How do you integrate #int 1/sqrt(x^2+2x)# by trigonometric substitution?

1 Answer
Feb 20, 2017

#ln|sqrt((x + 1)^2 - 1) + x + 1| + C#

Explanation:

Complete the square in the denominator (within the #sqrt#).

#int 1/sqrt(1(x^2 + 2x + 1 - 1))dx#

#int 1/sqrt(1(x^2 + 2x + 1) - 1)dx#

#int 1/sqrt((x + 1)^2 - 1)dx#

Let #u = x + 1#. Then #du = dx#.

#int 1/sqrt(u^2 - 1)du#

Now use the substitution #u = sectheta#. Then #du = secthetatanthetad theta#.

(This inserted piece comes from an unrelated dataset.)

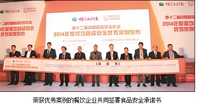 10月18日,第十二屆中國食品安全年會在京召開。由聯(lián)合利華飲食策劃與中國食品安全報社共同主辦的2014年度餐飲食品安全優(yōu)秀案例同期發(fā)布。呷哺呷哺、眉州東坡、旺順閣魚頭泡餅、西貝莜面村、廖記棒棒雞等12個餐飲企業(yè)所提報的案例脫穎而出,榮獲優(yōu)秀案例稱號。
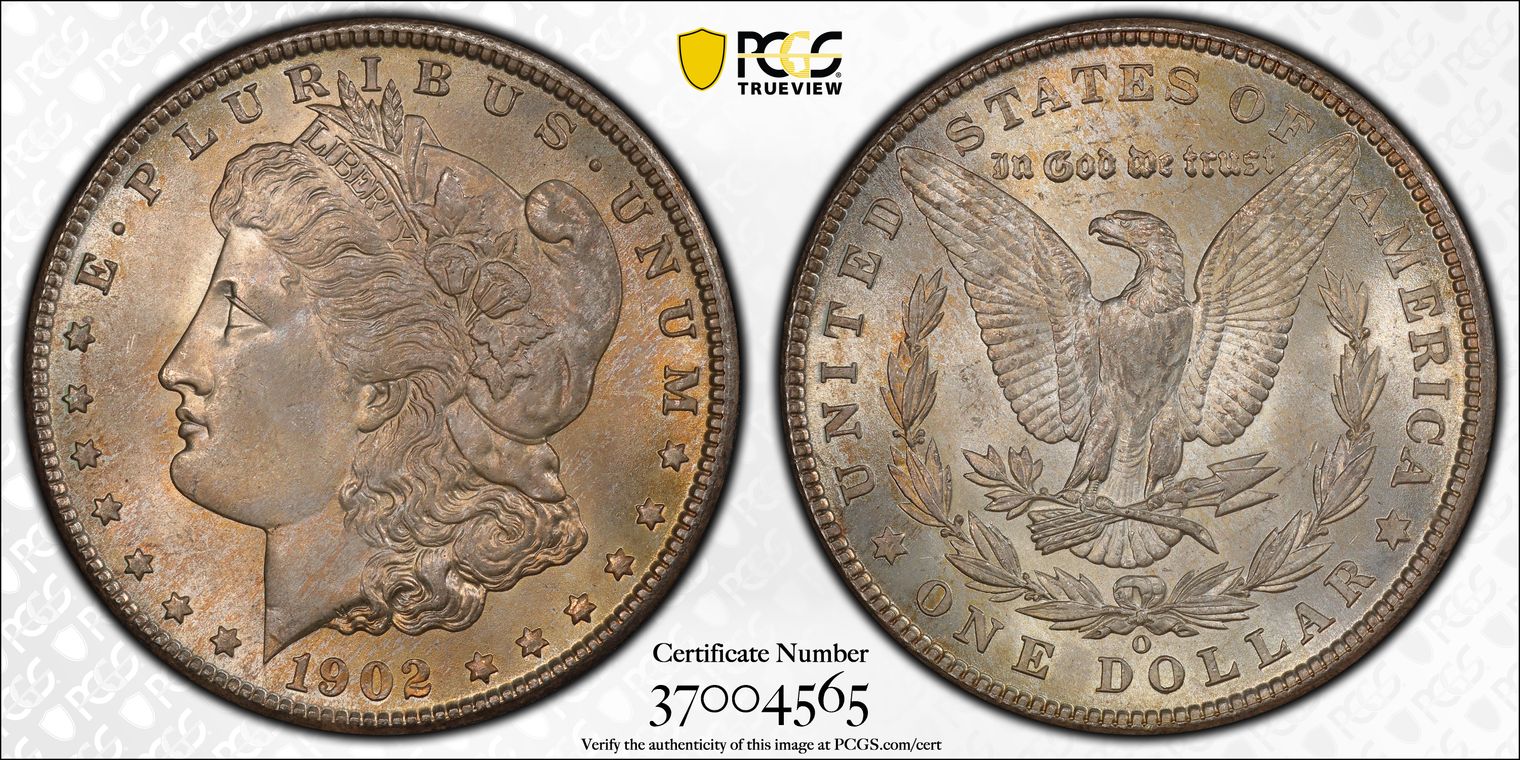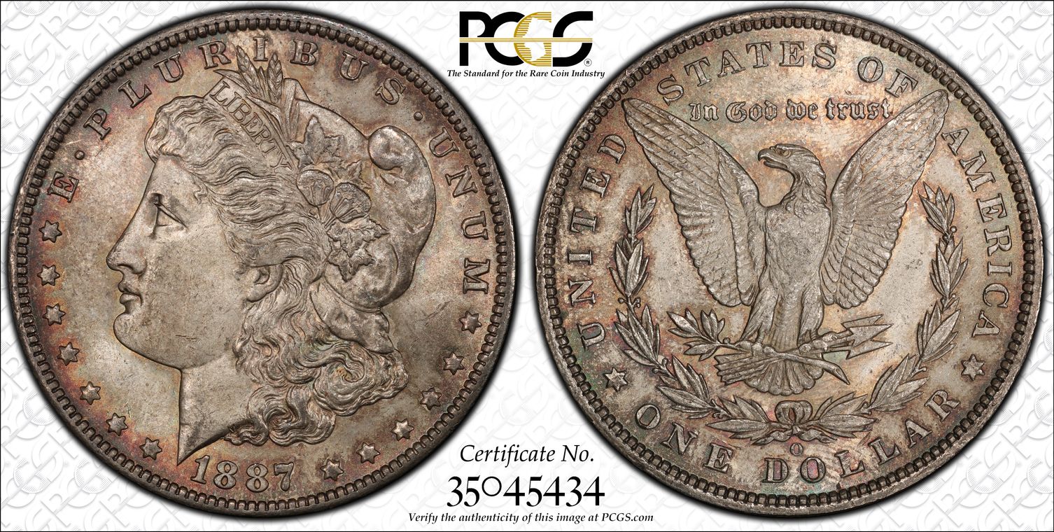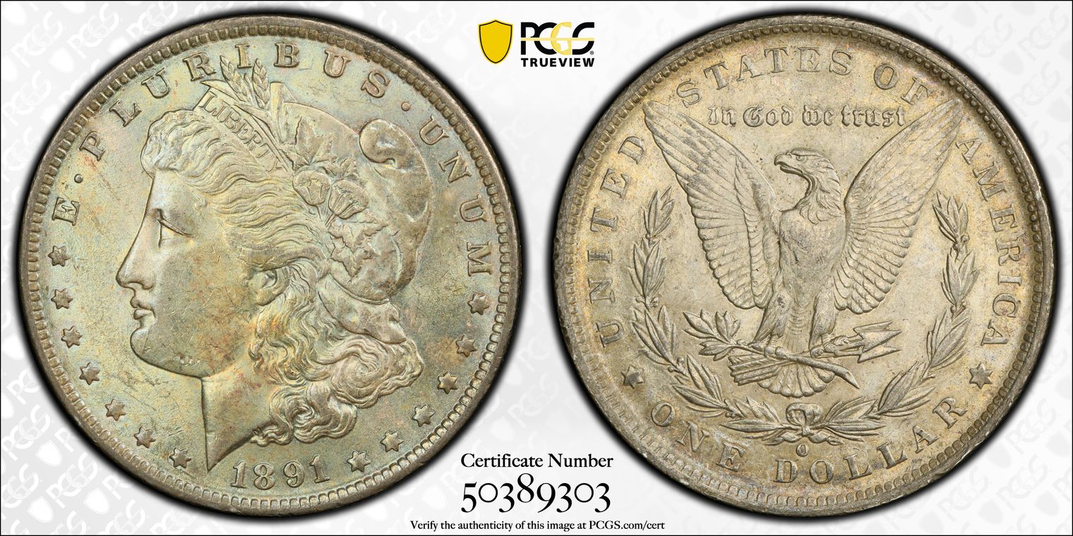 Attractive blast-white core with subtle golden rim toning | Sharp details on hair, stars, and eagle feathers above average for New Orleans mint | Clean fields and devices with minor scattered marks and strong frosty cartwheel luster on both sides, with boom visible through subtle toning

#int 1/sqrt(sec^2theta - 1) secthetatantheta d theta#

#int 1/sqrt(tan^2theta) secthetatantheta d theta#

#int 1/tantheta secthetatantheta d theta#

#int sectheta d theta#

This is a known integral that can be derived here

#ln|sectheta + tantheta| + C#

Obviously it's not good enough to stay in #theta#; we have to return to #x#. From our initial substitution, #u/1 = sectheta#. This means that the side opposite #theta# measures #sqrt(u^2 - 1)#. This also means that #tantheta = sqrt(u^2 - 1)/1 = sqrt(u^2 - 1)#.

#ln|sqrt(u^2 - 1) + u| + C#

We have one more substitution to reverse.

#ln|sqrt((x + 1)^2 - 1) + x + 1| + C#

Hopefully this helps!